▸ Exercise aim
Give each line of the records again exactly and omit every picture.

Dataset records
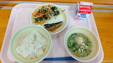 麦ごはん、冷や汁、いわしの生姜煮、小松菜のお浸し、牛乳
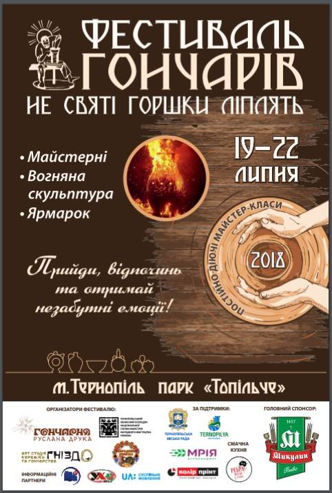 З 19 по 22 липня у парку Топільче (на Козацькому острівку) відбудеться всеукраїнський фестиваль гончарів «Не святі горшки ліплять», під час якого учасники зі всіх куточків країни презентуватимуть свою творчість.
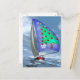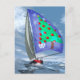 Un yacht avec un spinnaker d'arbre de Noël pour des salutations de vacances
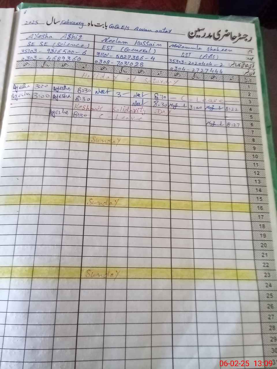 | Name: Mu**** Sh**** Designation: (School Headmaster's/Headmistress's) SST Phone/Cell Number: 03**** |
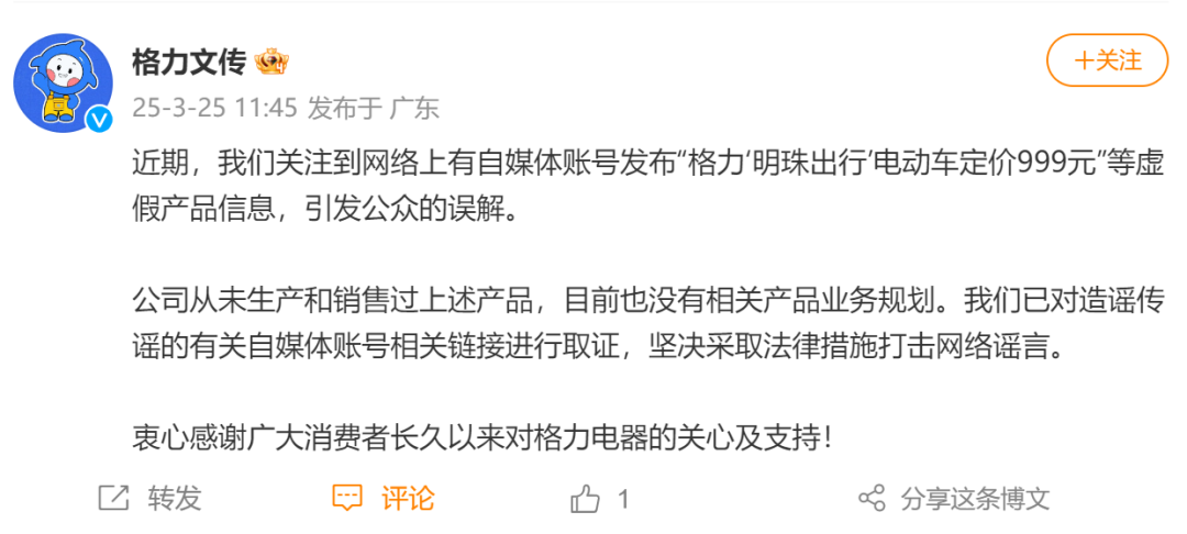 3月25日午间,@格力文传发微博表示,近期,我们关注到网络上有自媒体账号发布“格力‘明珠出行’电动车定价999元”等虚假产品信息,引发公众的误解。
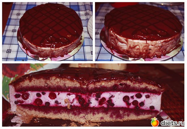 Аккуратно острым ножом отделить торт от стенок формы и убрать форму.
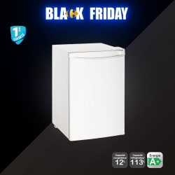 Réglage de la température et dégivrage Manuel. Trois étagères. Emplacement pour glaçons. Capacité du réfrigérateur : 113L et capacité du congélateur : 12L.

▸ Solution to this problem
 麦ごはん、冷や汁、いわしの生姜煮、小松菜のお浸し、牛乳
 З 19 по 22 липня у парку Топільче (на Козацькому острівку) відбудеться всеукраїнський фестиваль гончарів «Не святі горшки ліплять», під час якого учасники зі всіх куточків країни презентуватимуть свою творчість.
 Un yacht avec un spinnaker d'arbre de Noël pour des salutations de vacances
 | Name: Mu**** Sh**** Designation: (School Headmaster's/Headmistress's) SST Phone/Cell Number: 03**** |
 3月25日午间,@格力文传发微博表示,近期,我们关注到网络上有自媒体账号发布“格力‘明珠出行’电动车定价999元”等虚假产品信息,引发公众的误解。
 Аккуратно острым ножом отделить торт от стенок формы и убрать форму.
 Réglage de la température et dégivrage Manuel. Trois étagères. Emplacement pour glaçons. Capacité du réfrigérateur : 113L et capacité du congélateur : 12L.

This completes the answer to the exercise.